IVЕй было жаль не его, хотя все вокруг только и говорили, что как это в самом деле до невероятности некстати и досадно. Негарат был слишком мудрен и для родителей, а все, что чувствовалось родителями в отношении чужих, смутно передавалось и детям, как домашним избалованным животным. Женю печалило только то, что теперь не все останется по-прежнему, и станет бельгийцев трое, и не будет больше такого смеха, как бывало раньше.

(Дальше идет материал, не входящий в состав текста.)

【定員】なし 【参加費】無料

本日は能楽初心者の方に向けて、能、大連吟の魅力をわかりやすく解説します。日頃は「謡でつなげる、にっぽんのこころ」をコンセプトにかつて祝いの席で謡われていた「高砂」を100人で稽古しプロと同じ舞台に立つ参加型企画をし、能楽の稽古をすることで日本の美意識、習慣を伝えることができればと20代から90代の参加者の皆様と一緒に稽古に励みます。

Она случилась за столом в тот вечер, когда он объявил маме, что должен ехать в Дижон, на отбывку какого-то сбора.
– Как же вы в таком случае еще молоды! – сказала мать и тут же ударилась на все лады его жалеть.
А он сидел, понуря голову. Разговор не клеился.

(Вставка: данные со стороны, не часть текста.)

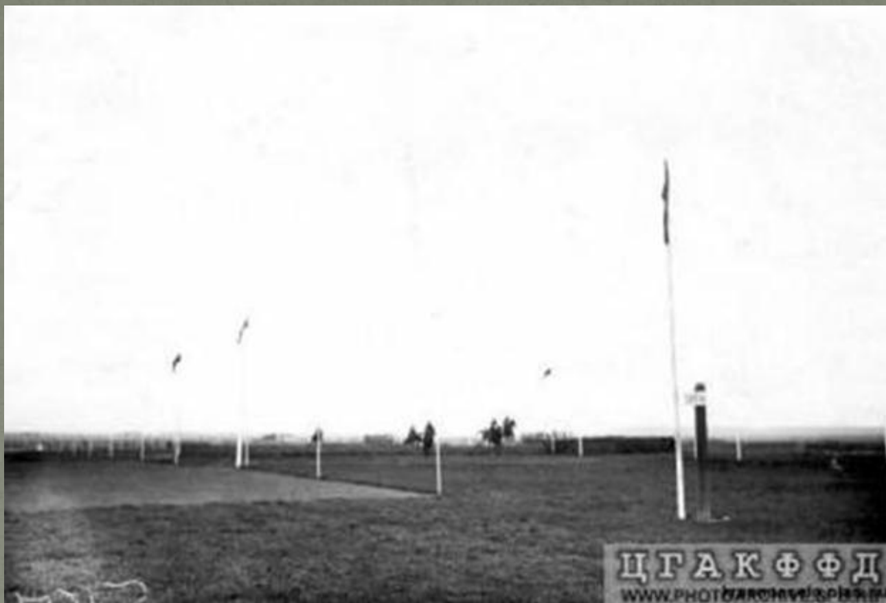
Преодоление барьера участниками скачек (Офицерские скачки в Красном Селе), Фотография ателье Буллы, 25 июля 1913 г.

– Завтра придут замазывать окна, – сказала мать и спросила его, не закрыть ли.
Он сказал, что не надо, вечер теплый, а у них не замазывают и на зиму.
Вскоре подошел и отец. Он тоже рассыпался сожалениями при этой вести. Но перед тем, как приняться сетовать, он приподнял брови и удивленно спросил:
– В Дижон? Да разве вы не бельгиец?
– Бельгиец, но во французском подданстве.
И Негарат стал рассказывать историю переселения «своих стариков» так занимательно, будто не был их сыном, и так тепло, будто говорил по книжке о чужих.
– Простите, я вас перебью, – сказала мать. – Женюра, ты все-таки притвори окошко. Вика, завтра придут замазывать. Ну, продолжайте. Однако этот дядя ваш порядочный негодяй! Неужели так, буквально под присягой?